Moi t'apprendre à parler japonais

Le japonais, quelle magnifique langue... Une structure complètement différente du français, un "alphabet" complètement nouveau, des Kanjis à tout va, obligation d'apprendre du vocabulaire régulièrement, comme vous pouvez vous en douter, cette langue n'est pas la plus facile à apprendre. Contrairement à l'anglais, le coup du "je te prononce le mot en français avec l'accent anglais" ne marchera pas ici. Il faut donc changer de méthodologie dans ce pays.

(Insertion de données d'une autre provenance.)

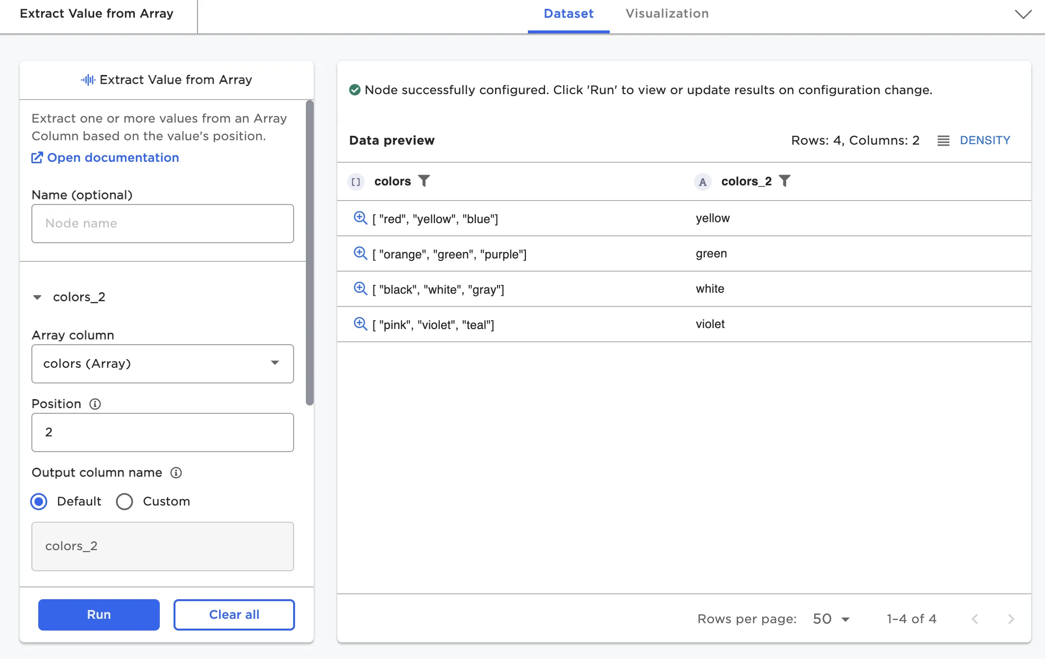 The Extract Field from Object node, as an example, enables users to view the schema of a potentially deeply nested object column and select one or more fields to extract

Je vous livre donc quelques méthodes pour attaquer cette langue. Pour ma part, j'ai pu voir une progression lente mais constante mais bon vu que je partais de pas grand chose, c'est déjà pas si mal :

  1. Si vous débutez, maîtrisez VRAIMENT les hiragana (un des deux alphabets japonais), c'est l'indispensable de chez indispensable, en plus c'est rapide à connaître. Pour les Katakana, c'est bien de les savoir mais je dirai à un degré moindre.
  2. Etant parti en ayant fini le premier volume du Minna no Nihongo I, j'étais légèrement paumé à mon arrivée au Japon, on arrive à survivre mais bon, un bon livre de grammaire japonaise pour le semestre d'hiver m'a permis de comprendre énormément de structures de phrases, reste plus qu'à l'appliquer dans la vie de tous les jours et là je suis pas dans la merde vu qu'il me faut 10 secondes pour construire la phrase dans la tête.
  3. Lire du japonais tout le temps. Vous êtes dans le métro, vous êtes chez vous, vous êtes dans la rue, essayez de lire le Japonais qui vous entoure même s'il y a des Kanjis de partout, petit à petit, vous commencerez à les retenir, il suffira par la suite de vérifier sa signification dans un dictionnaire pour commencer à l'assimiler (ah le fameux 注意 qu'on retrouve dans le métro, dans la rue, dans les chiottes, mon classique !)
  4. Regardez la télévision japonaise : quand on débute, c'est incompréhensible, ça l'est toujours pour moi vu la vitesse à laquelle les gens parlent MAIS on arrive à capter deux-trois phrases, la lecture des sous-titres japonais (qui prennent un bon tiers de l'écran) aide cependant à la compréhension
  5. Les kanjis ne s'apprennent pas tout seul et s'oublient vite. Un bon apprentissage des Kanjis est d'apprendre à la fois le on-yomi et le kon-yomi (les deux prononciations du kanji), de l'associer à d'autres kanjis afin de former des mots et de connaître évidemment sa prononciation. J'ai la chance d'avoir un cours de kanji en semaine qui me permet de réviser les Kanjis que j'ai appris tout seul via des flashcards ou le site smart.fm. Il est très important d'écrire les Kanjis régulièrement pour se rappeler de l'ordre d'écriture
  6. Pour ceux qui ont un peu d'argent, il est intéressant d'investir quelques yens dans des mangas (vu le prix, pourquoi s'en priver) en japonais pour afin de mêler apprentissage et divertissement. Un avantage sympa des mangas pour ado' est la présence des furigana permettant ainsi la lecture des kanjis. Pour les plus fortunés, un dictionnaire électronique est un passe partout intéressant pour vous débloquer à la lecture ou la découverte d'un nouveau kanji.
  7. Ecoutez de la musique japonaise : détendez-vous en écoutant de la musique japonaise de temps en temps, vous verrez les japonais sont tellement originaux que vous retrouverez souvent les même paroles dans les chansons, de quoi enrichir votre vocabulaire de quelques mots (un peu cul cul la praline...)
  8. Ce n'est un secret pour personne, le top du top, ça reste la conversation. Blablatez de tout et n'importe quoi avec les gens. J'applique la méthode du Japanglish qui est de faire un mix des deux, le but étant de tendre de plus en plus vers le Japanese.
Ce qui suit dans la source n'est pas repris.